Data shown

++++

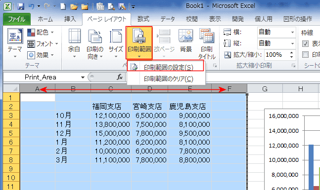 下図の例では A:F を印刷範囲として指定した例です。
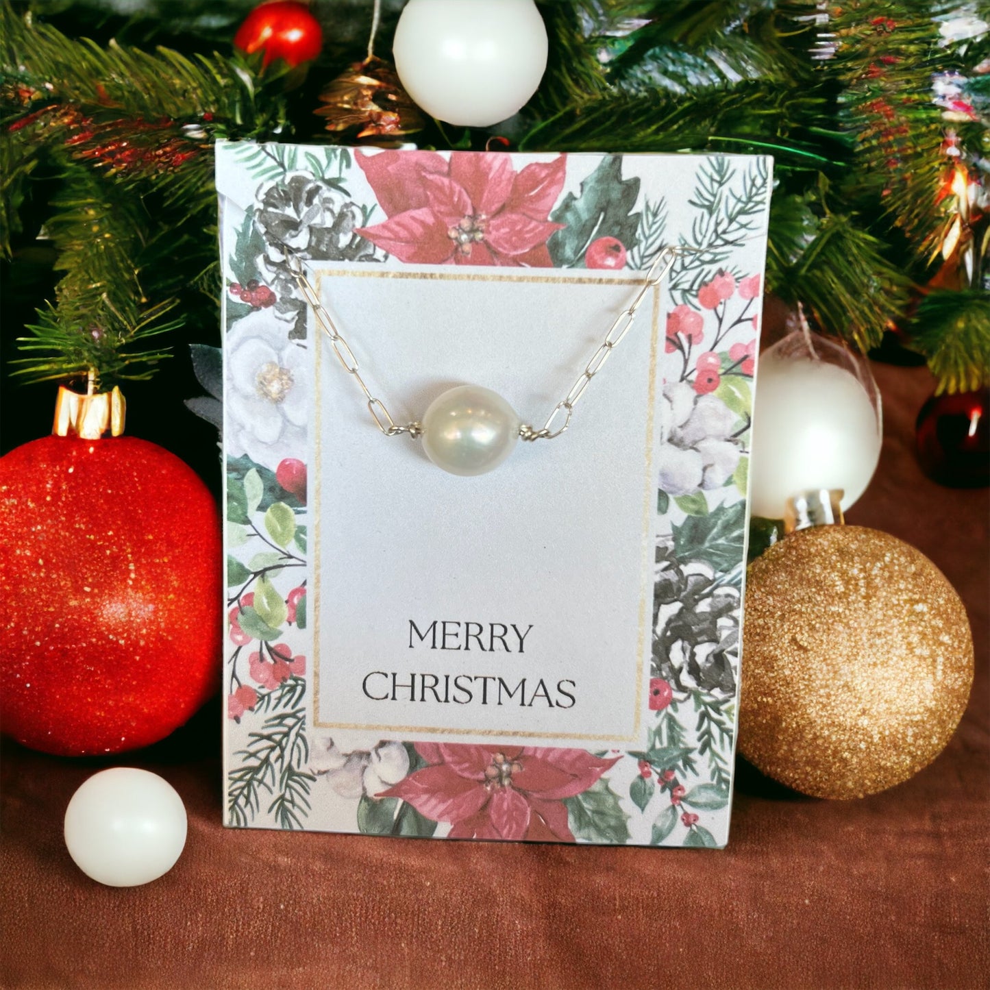 Embrace the magic of the season with our stunning Freshwater Sterling Silver Pearl Necklace, a timeless treasure that captures the essence of Christmas elegance.
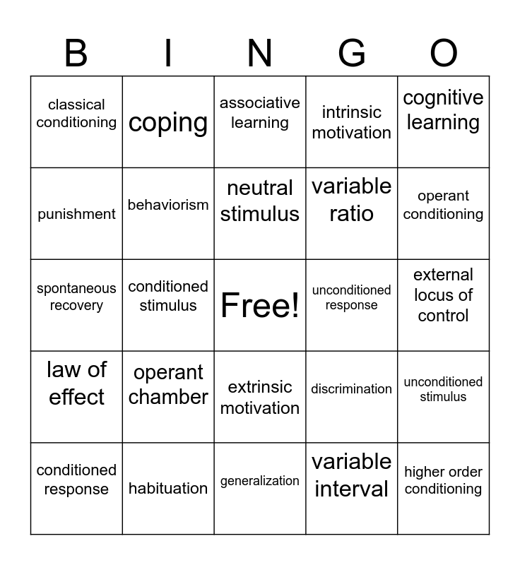 This bingo card has a free space and 29 words: learning, habituation, associative learning, stimulus, cognitive learning, classical conditioning, behaviorism, neutral stimulus, unconditioned response, unconditioned stimulus, conditioned response, conditioned stimulus, variable interval, higher order conditioning, spontaneous recovery, fixed interval, generalization, discrimination, operant conditioning, law of effect, operant chamber, reinforcement, variable ratio, external locus of control, punishment, coping, extrinsic motivation, intrinsic motivation and coping.

++++

Exercise requirements
Give again, word for word, every line from the top of the data above to the line holding "Embrace the magic", inclusive, with the pictures left out.

Answer space
 下図の例では A:F を印刷範囲として指定した例です。
 Embrace the magic of the season with our stunning Freshwater Sterling Silver Pearl Necklace, a timeless treasure that captures the essence of Christmas elegance.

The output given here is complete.